Write the listing below out again exactly, dropping the images.
○ ○ ○
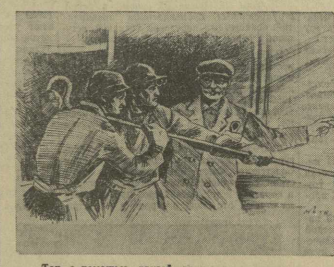
Так, с помощью друзей рождалась первая плавка... Рисунок худ. О. Сехинашвили.

Так, с помощью друзей рождалась первая плавка... рено идет к новым успехам коммунистического строительства. Более 20 лет работаю я в трикотажном цехе Сухумского горпромкомбината. За этот период произошли большие изменения не только на нашем комбинате, но и во всей республике. За это время я овладею тремя профессиями. В этом мне помог опыт трикотажников Грузинской ССР и РСФСР. Сейчас работаю бракером-контролером. Дружба народов скрепила и производственную дружбу, которая растет и крепнет среди рабо-
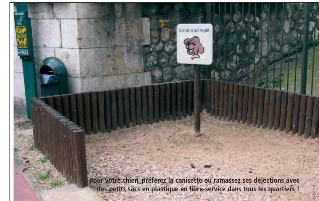
Pour votre chien, préférez la canisette ou ramassez ses déjections avec des petits sacs en plastique en libre-service dans tous les quartiers !
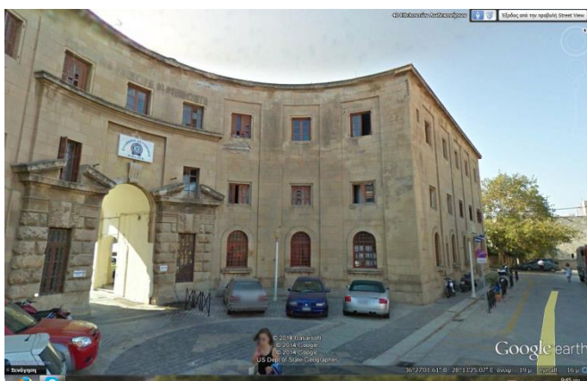
ΡΟΔΟΣ: Δέκα οκτώ(18) νεανικά χρόνια (1947-1965)

Υπαξιωματικών όταν και εγώ εκεί εκπαιδευόμουν το 1950, μας έλεγε. Θα εισηγηθώ στον κ. Αρχηγό να εκδώσει διαταγή στα υφιστάμενα κλιμάκιά του να μη σας τιμωρούν όταν καθημερινά και για πολλές ώρες ίσως σας πιάσουν να κάθεστε στα καφενεία των χωριών, κωμοπόλεων ή και πόλεων
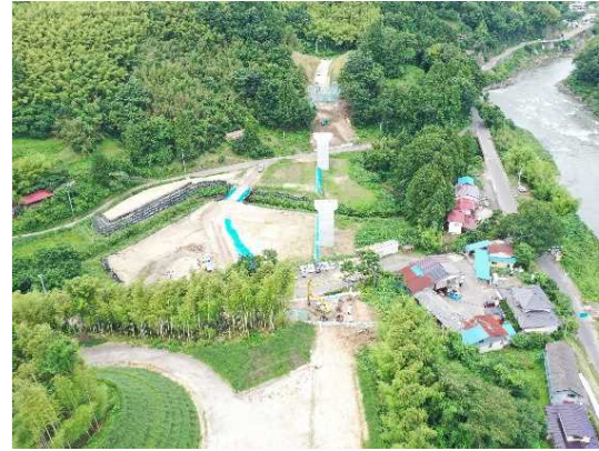
② 橋梁下部工(A1,A2)施工中
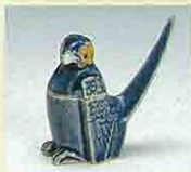
琉璃袖 鳥形香盒 (1630~1640年代)
○ ○ ○
EXERCISE RESULT »
Так, с помощью друзей рождалась первая плавка... Рисунок худ. О. Сехинашвили.

Так, с помощью друзей рождалась первая плавка... рено идет к новым успехам коммунистического строительства. Более 20 лет работаю я в трикотажном цехе Сухумского горпромкомбината. За этот период произошли большие изменения не только на нашем комбинате, но и во всей республике. За это время я овладею тремя профессиями. В этом мне помог опыт трикотажников Грузинской ССР и РСФСР. Сейчас работаю бракером-контролером. Дружба народов скрепила и производственную дружбу, которая растет и крепнет среди рабо-
Pour votre chien, préférez la canisette ou ramassez ses déjections avec des petits sacs en plastique en libre-service dans tous les quartiers !
ΡΟΔΟΣ: Δέκα οκτώ(18) νεανικά χρόνια (1947-1965)

Υπαξιωματικών όταν και εγώ εκεί εκπαιδευόμουν το 1950, μας έλεγε. Θα εισηγηθώ στον κ. Αρχηγό να εκδώσει διαταγή στα υφιστάμενα κλιμάκιά του να μη σας τιμωρούν όταν καθημερινά και για πολλές ώρες ίσως σας πιάσουν να κάθεστε στα καφενεία των χωριών, κωμοπόλεων ή και πόλεων
② 橋梁下部工(A1,A2)施工中
琉璃袖 鳥形香盒 (1630~1640年代)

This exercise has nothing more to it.